Summary and Conclusion

The case study focused on the association analysis between a set of potential risk factors for having a stroke. The initial data set has 12 numerical and categorical variables.

After exploratory analysis, we decide to re-group the discrete variable age, and then define dummy variables for the associated variable.

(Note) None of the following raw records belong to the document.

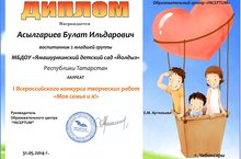 Икенче кечкенәләр төркемендә тәрбияләнүче Асылгариев Булат бөтенроссия "Мин һәм минем гаиләм" фото конкурсында катнашып лауреат дипломы алды. Уңышы белән котлыйбыз!!!
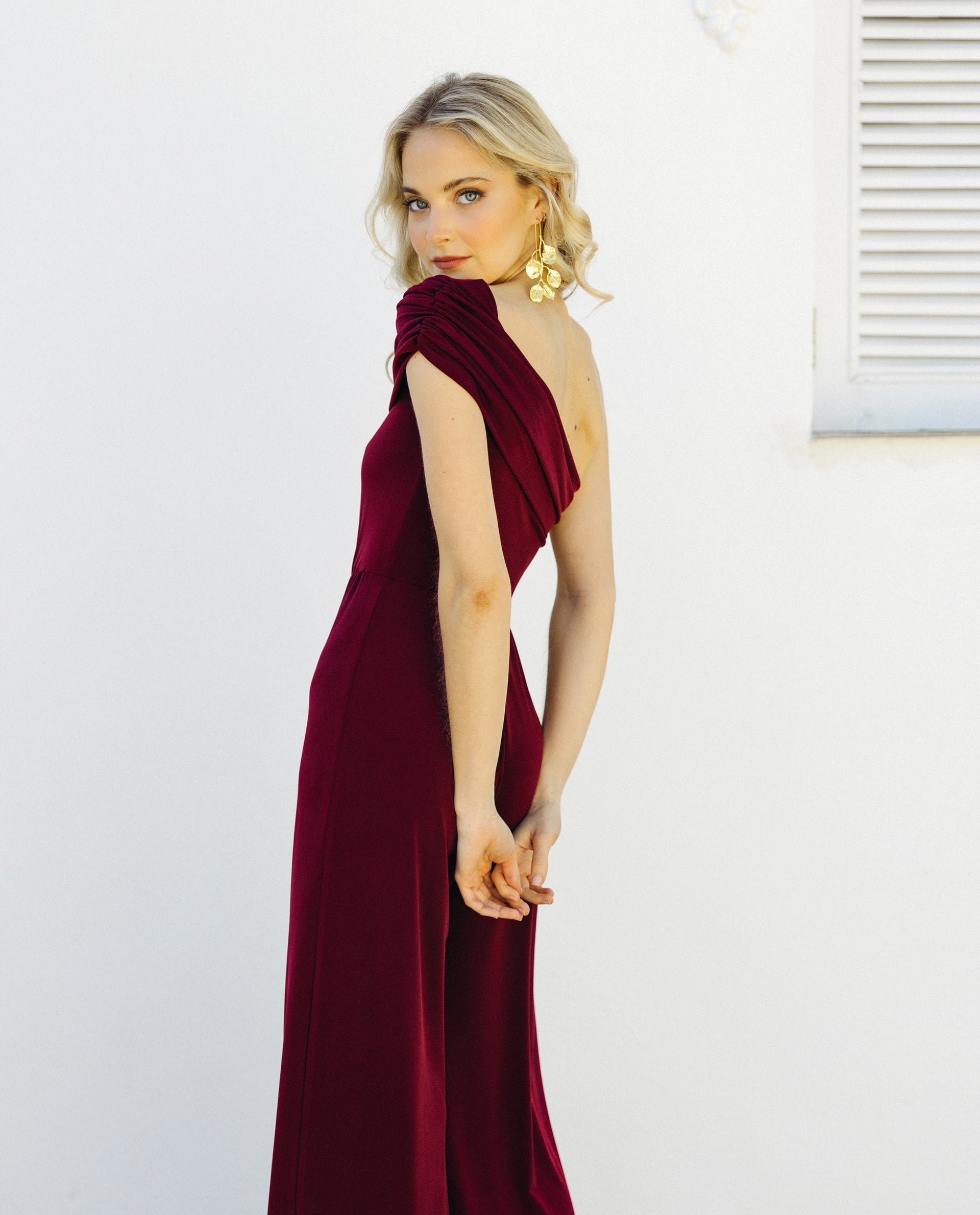 Mono largo con un hombro al descubierto.[readmore]Nuestra diseñadora ha conseguido la combinación perfecta de un mono elegante y sexy para invitadas. El escote bardot asimétrico tiene un drapeado muy elegante y deja los hombros completamente al descubierto. Hemos elegido el tejido de punto elástico porque sabemos que os encanta ir cómodas a un evento, se adapta a la perfección. El pantalón es de corte recto, con mucho movimiento al caminar, perfecto para llevar tacones con plataforma!! Una vez te pruebes este mono de invitada sentirás que está hecho para ti.😊
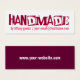 A marca de travamento feita à mão ou a etiqueta de produto contém o texto "Feito à mão", projetado em estilo verde em rosa e abaixo do qual os detalhes pessoais podem ser adicionados. Adição perfeita a artesanatos/produtos feitos à mão. © Manhã6

This new variable was used in the analysis.

Since hypertension and heart disease are considered to be major contributors to the risk of having a stroke, we include these factors in the final model regardless of the statistical significance, although our analysis shows that are statistically significant.

After automatic variable selection, we obtain the final model with 5 factors, hypertension (1 dummy variable), heart disease (1 dummy variable), age (with 5 dummy variables), glucose, and BMI.

Our final conclusion from our data is that health factors are what lead to strokes. The odds ratio shows that having heart disease, high blood pressure(hypertension), and higher glucose lead to a stroke.